In general, we will end up with 3 equations and we will get 3 unknowns to solve for (tension 1, tension 2, and acceleration). The acceleration will be common in the system, all the masses react to each other together.
First mass:
\[{m_1}g\sin \left( \theta \right) – {T_1} – {F_{f1}} = {m_1}{a_x}\]
\[{F_{N1}} – {m_1}g\cos \left( \theta \right) = {m_1}{a_y} = 0\]
\[{F_{N1}} = {m_1}g\cos \left( \theta \right)\]
\[{F_f} = {\mu _k}{F_N}\]
\[{m_1}g\sin \left( \theta \right) – {T_1} – {\mu _k}{m_1}g\cos \left( \theta \right) = {m_1}{a_x}\]
Repeat for the second mass. It’s very similar, but now we have two tensions involved! The first tension acts in one direction, while the second tension acts in the opposite direction.

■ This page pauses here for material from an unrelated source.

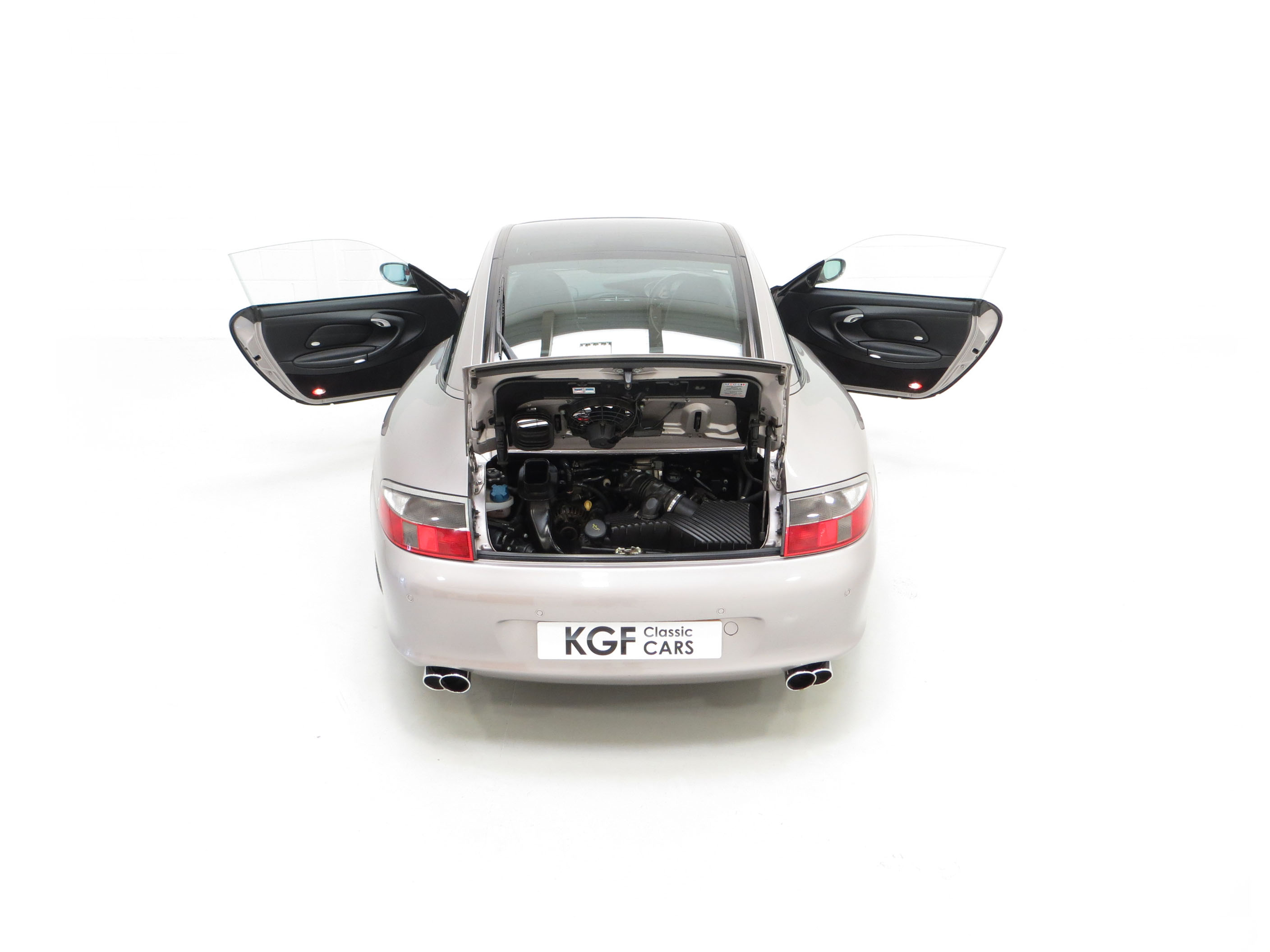 The legendary flat six 3.6-litre engine in this 911 develops 320bhp at 6800rpm and 370Nm of torque at 4250rpm. A top speed of 173mph is quoted with 0-62mph despatched in 5.7 seconds. Lifting the engine lid reveals a spotlessly clean engine bay complete with factory stickers and the Mobil 1 Porsche Label. The factory optional Tiptronic S system with steering wheel shift control operates perfectly in harmony with the PSM (Porsche Stability Management).

\[{m_2}g\sin \left( \theta \right) – {T_2} + {T_1} – {F_{f2}} = {m_2}{a_x}\]
\[{F_{N2}} – {m_2}g\cos \left( \theta \right) = {m_2}{a_y} = 0\]
\[{F_{N2}} = {m_2}g\cos \left( \theta \right)\]
\[{F_f} = {\mu _k}{F_N}\]
\[{m_2}g\sin \left( \theta \right) – {T_2} + {T_1} – {\mu _k}{m_2}g\cos \left( \theta \right) = {m_2}{a_x}\]
And the third mass, which will be easier to deal with:
\[{T_2} – {m_3}g = {m_3}{a_x}\]
Then all you need to do is plug in values and solve!
Our system of equations is:
\[{m_1}g\sin \left( \theta \right) – {T_1} – {\mu _k}{m_1}g\cos \left( \theta \right) = {m_1}{a_x}\]
\[{m_2}g\sin \left( \theta \right) – {T_2} + {T_1} – {\mu _k}{m_2}g\cos \left( \theta \right) = {m_2}{a_x}\]
\[{T_2} – {m_3}g = {m_3}{a_x}\]
Plugging in the values given in the question statement:
\[(20)(9.81)\sin ({30^o}) – {T_1} – (0.15)(20)(9.81)\cos ({30^o}) = (20){a_x}\]
\[(10)(9.81)\sin ({30^o}) – {T_2} + {T_1} – (0.15)(10)(9.81)\cos ({30^o}) = (10){a_x}\]
\[{T_2} – (5)(9.81) = (5){a_x}\]
Simplifying,
\[72.61 = 20{a_x} + {T_1} + 0{T_2}\]
\[36.3 = 10{a_x} – {T_1} + {T_2}\]
\[ – 49.05 = 5{a_x} + 0{T_1} – {T_2}\]
\[\left[ {\begin{array}{*{20}{c}}{20}&1&0\\{10}&{ – 1}&1\\5&0&{ – 1}\end{array}} \right]\left[ {\begin{array}{*{20}{c}}{{a_x}}\\{{T_1}}\\{{T_2}}\end{array}} \right] = \left[ {\begin{array}{*{20}{c}}{72.61}\\{36.3}\\{ – 49.05}\end{array}} \right]\]
Solving,
Acceleration is 1.71 m/s2, the force of tension in the first rope is 38.4 N, and the force of tension in the second rope is 57.6 N.
Do you want to check to make sure your acceleration is in the correct direction? Look at the third mass’s equation:
\[{T_2} – {m_3}g = {m_3}{a_x}\]
T2 is 57.6 N, and -m3g is -5*9.81 = -49.05. That means that the force of tension is stronger than the force of gravity, meaning mass 3 rises, and consequently masses 1 and 2 going down the ramp to the left. So the directions are correct!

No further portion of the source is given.